Larry, would a decent jigsaw do the job? ShopNotes #23 has a cool plan for a table that you mount a jigsaw to and turn it into a scroll-saw-like setup. If it looks useful to you fire me a PM with your email and I'll send you the plans. It does look like it can accomodate 3/4" stock from some of the pictures, but I suppose that depends as much on the jigsaw. Looks like it would be easy enough to add a simple fence and/or miter guage to to cut straight blanks

EDIT I already had a few people ask about this, so for anyone who wants it I uploaded a copy of it here


----------



## LarryDNJR (Dec 6, 2009)

Wayne after I posted that last comment I did a search and found those two. Price ranges don't look to bad problem with the Coshocton one the money I'd spend in gas to get there I could pay a little more for one locally. The Delaware one sounds good it isn't to far from Columbus my concern is he's already dropped the price from $75 to $50 in 10 days time, plus it needs a motor and it looks very close to this one http://chillicothe.craigslist.org/tls/1609032177.html that was $150 with a clearer picture that isn't blurry. I will definitely have to keep looking around.
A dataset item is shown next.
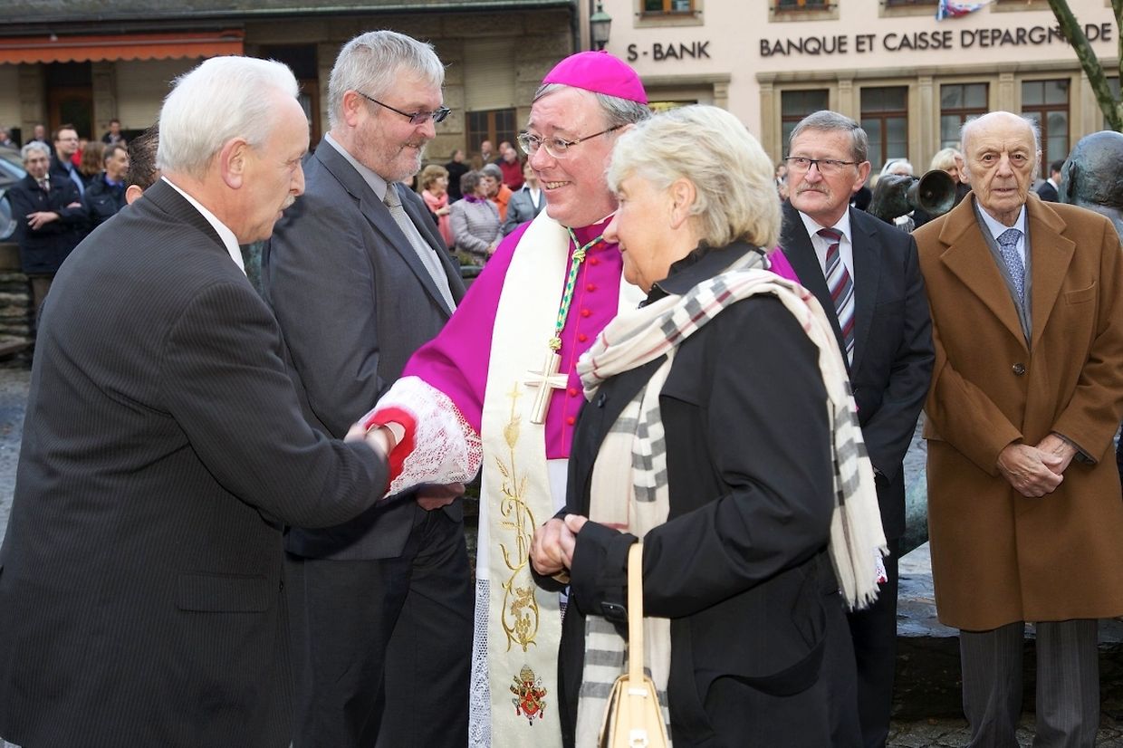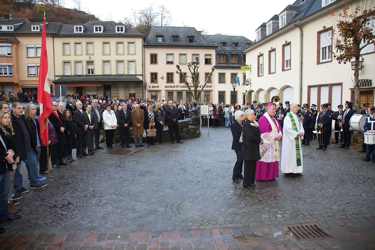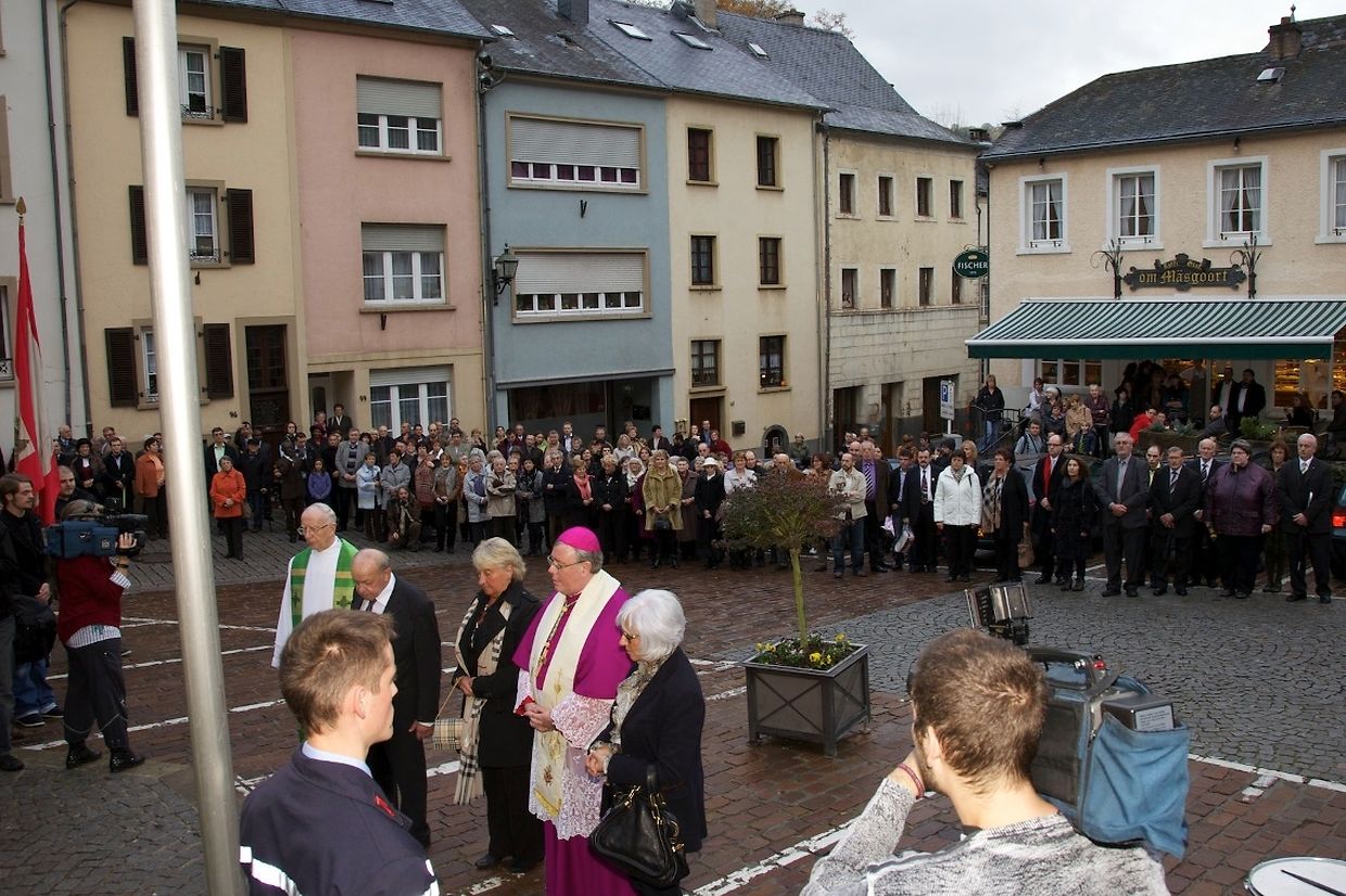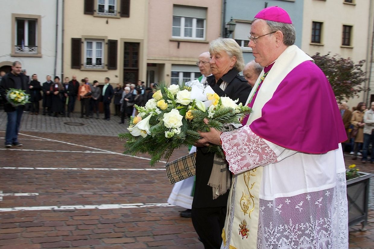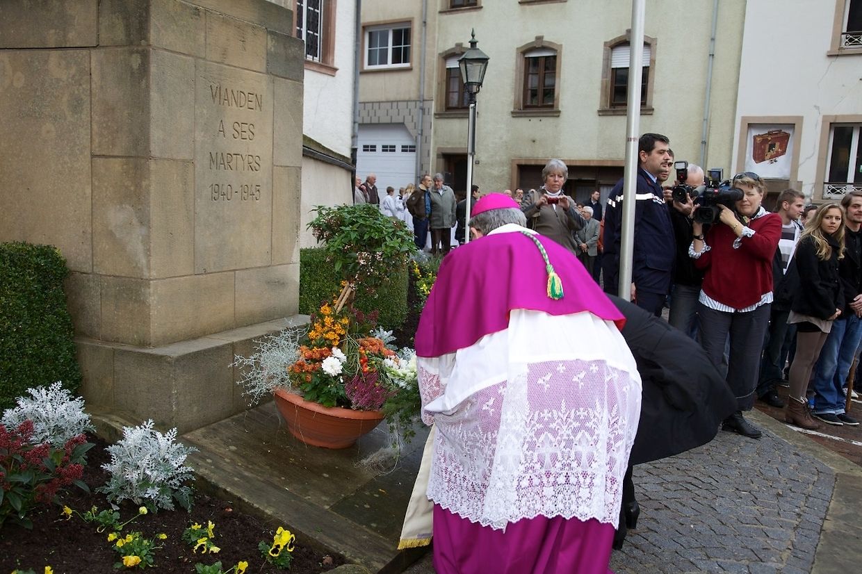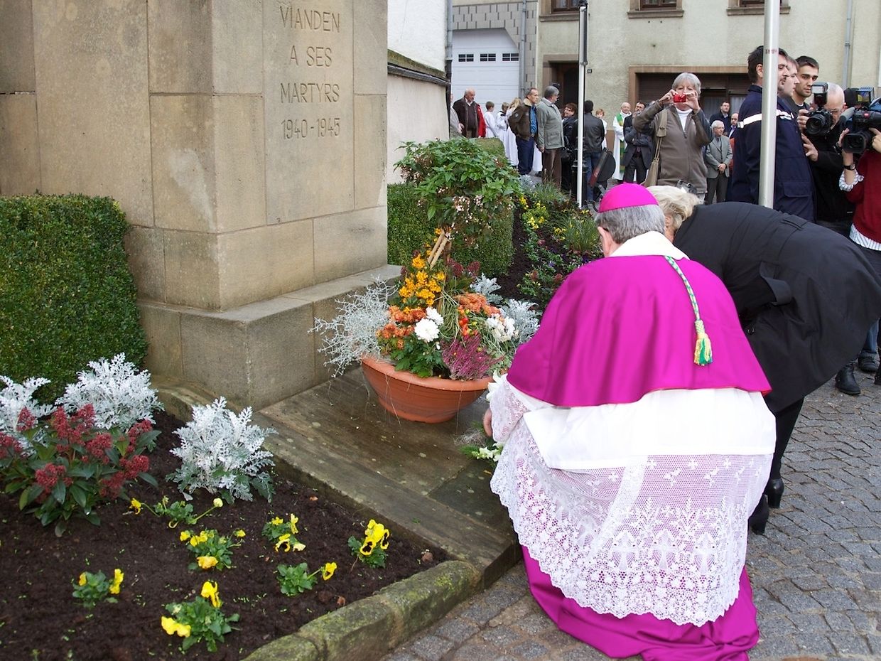 Nachdem ihm seitens der Messdiener ein Blumenstrauß überreicht worden war, wurde der Erzbischof unter den Klängen der „Veiner Stadmusik“ im Umzug zum „Monuments aux morts“ geleitet, wo er Blumen zum Gedenken niederlegte.

Guess for now I'll just use my Dad's band-saw since I set my lathe up in his workshop till I can get a shop built later this year hopefully if I get the cash saved up.


----------



## davidmicraig (Nov 21, 2009)

The amperage of the motor is kind of a giveaway on this tool. It is under 1 amp which means it is less than the motor capabilities of a dremel hand tool. With a 4 inch blade, I can see where it would bog down quite easily. Still, it was worth a shot. For small pieces, I concur with the rest of the group, bandsaw is the way to go. For pen pieces, a benchtop model should work fine. I have a Ryobi 9 inch that I am very happy with. You won't be resawing much lumber, but it has a fence, work light, miter slot, the table can be set at varying degrees, and it is fairly inexpensive.

Good luck,

David


----------



## Brad_Nailor (Jul 26, 2007)

Thanks for the review..
That thing looks like a toy I'm not surprised it performed like one….but your first clue should have been "Harbor Freight". I have a Dremel table saw similar to that one…It cuts balsa and basswood like a dream..THATS IT! I agree with Wayne..a table size bandsaw would work better for you, I think. I have seen some real nice ones cheap on Craigslist. Actually, Highland is running a sale on the Rikon tabletop band saw..very well reviewed, and its $199.00 See it here


----------



## 33706 (Mar 5, 2008)

People can spend $2000 on a table saw and still not be happy. Sometimes we should review the bad decisions, not the tool itself.


----------



## dbhost (Jul 20, 2009)

If you are unable to through cut 3/4" stock (have you verified the stock thickness?) in a single pass, the tool is not functioning to its advertised capacity, take it back… Then go get a small bandsaw, or a benchtop 10" table saw. There are plenty of the tiny size Craftsman and Ridgid models on the used market already. Some neat features, very compact size which seems important to you…


----------



## 8iowa (Feb 7, 2008)

Universal type electric motors are a poor power source for table saws. They produce very high speed with low cutting torque. My most recent 10" blade, an 80T Freus crosscut, warns not to exceed 7000 rpm. At 14,000 rpm, if a carbide tip were to break off, you would have a virtual "bullet" flying through the air. Take this thing back fast!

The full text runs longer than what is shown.